* [Provided records]:

=== Begin Enclosure ===

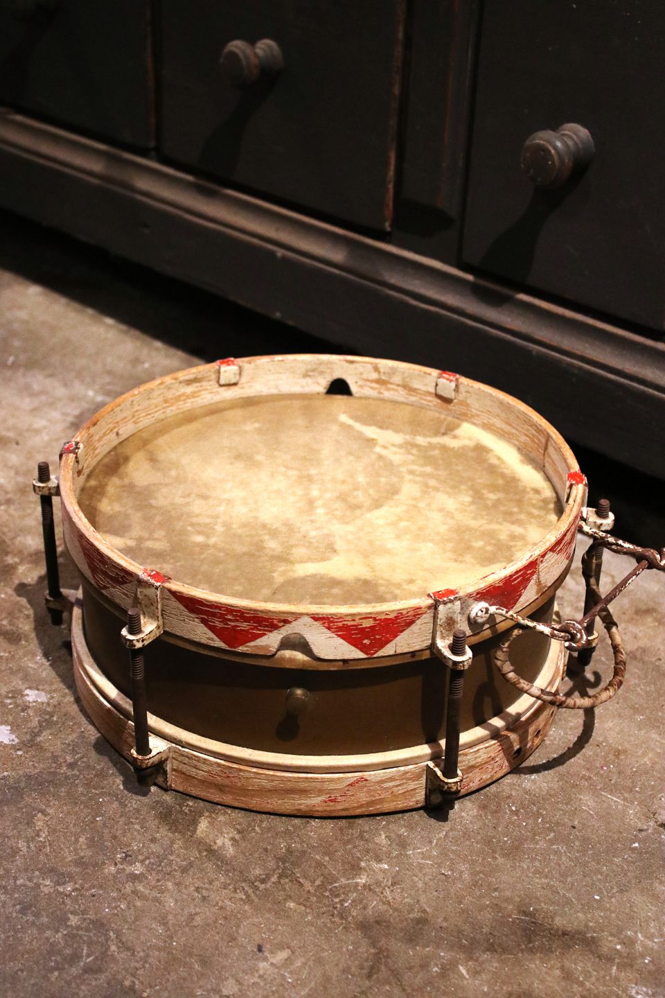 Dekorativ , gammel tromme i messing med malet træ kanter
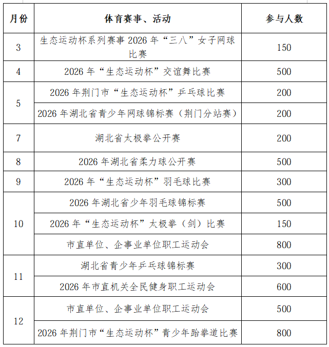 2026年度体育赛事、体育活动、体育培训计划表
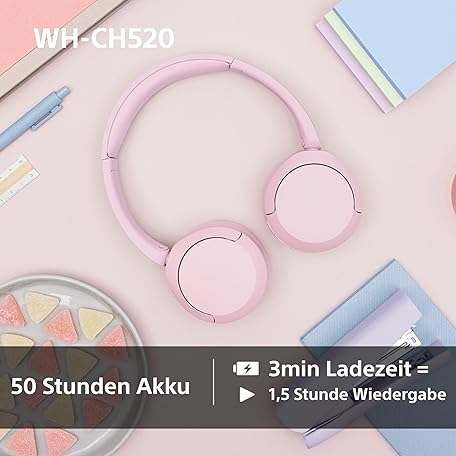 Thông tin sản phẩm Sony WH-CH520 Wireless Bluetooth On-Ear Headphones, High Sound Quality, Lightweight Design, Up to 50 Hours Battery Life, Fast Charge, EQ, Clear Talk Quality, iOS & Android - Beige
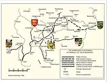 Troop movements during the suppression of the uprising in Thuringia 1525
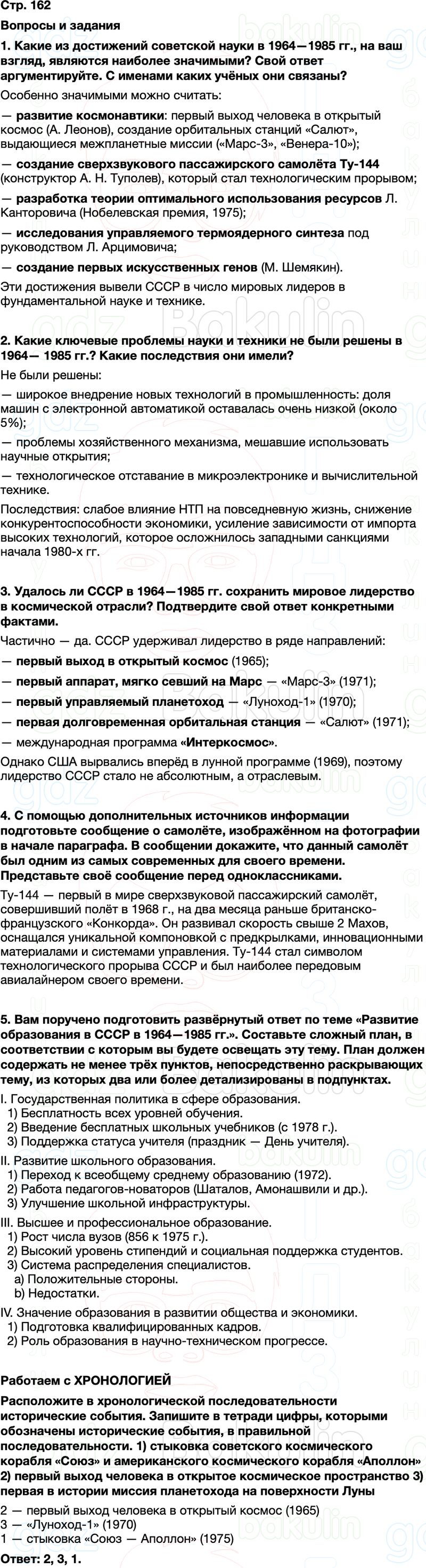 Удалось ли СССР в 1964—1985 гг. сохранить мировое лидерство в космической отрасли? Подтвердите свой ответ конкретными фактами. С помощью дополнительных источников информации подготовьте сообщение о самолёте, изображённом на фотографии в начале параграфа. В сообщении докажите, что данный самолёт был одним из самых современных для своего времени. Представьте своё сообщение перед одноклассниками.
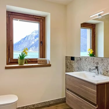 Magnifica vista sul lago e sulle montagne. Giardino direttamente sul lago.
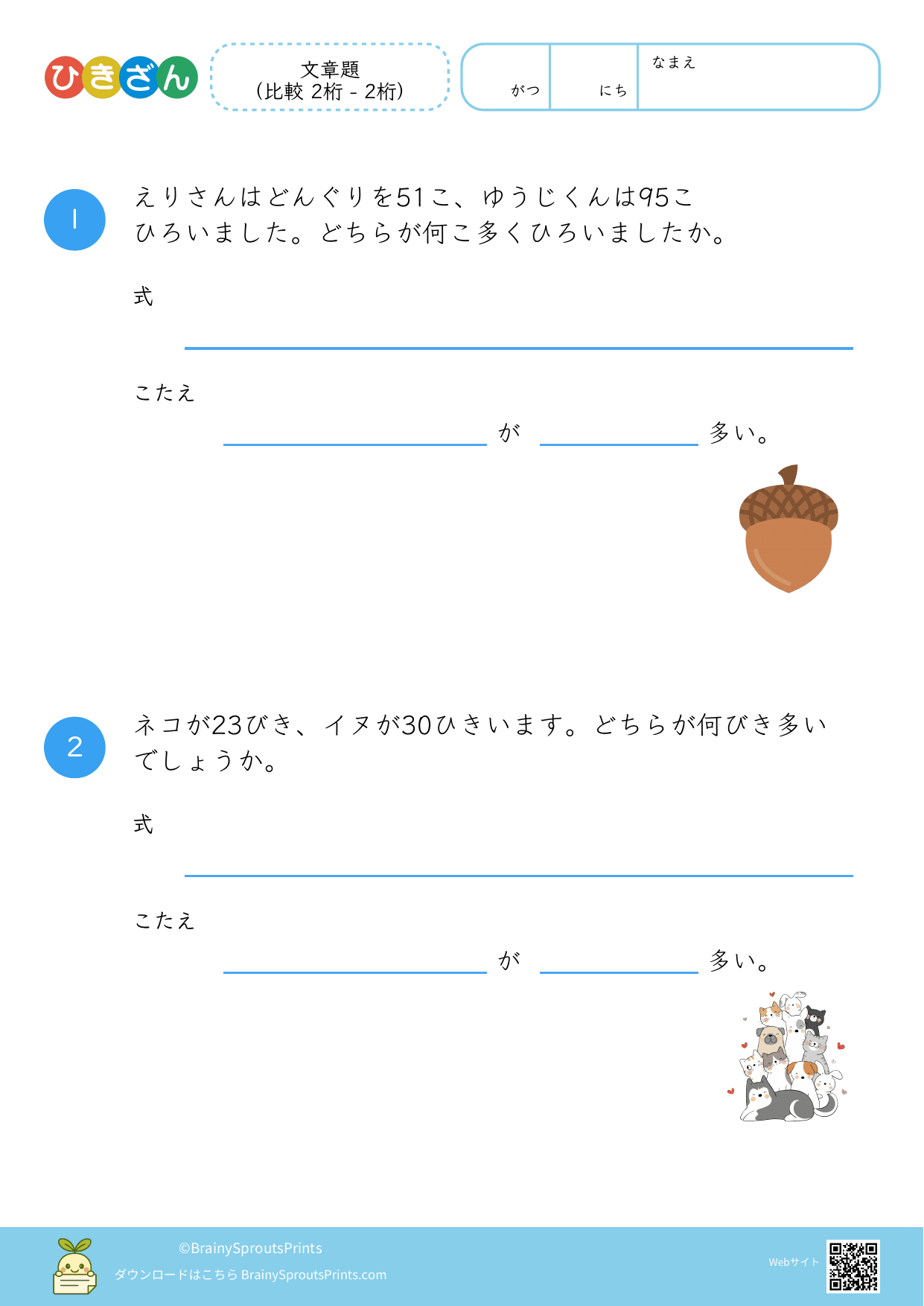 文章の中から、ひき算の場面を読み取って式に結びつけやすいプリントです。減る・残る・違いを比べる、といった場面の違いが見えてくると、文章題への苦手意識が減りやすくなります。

=== End Enclosure ===

* [What you need to do]: Print the lines from the beginning of the records up to and including the line containing "Thông tin sản", word for word, with no pictures.

* [Result of the task]:
 Dekorativ , gammel tromme i messing med malet træ kanter
 2026年度体育赛事、体育活动、体育培训计划表
 Thông tin sản phẩm Sony WH-CH520 Wireless Bluetooth On-Ear Headphones, High Sound Quality, Lightweight Design, Up to 50 Hours Battery Life, Fast Charge, EQ, Clear Talk Quality, iOS & Android - Beige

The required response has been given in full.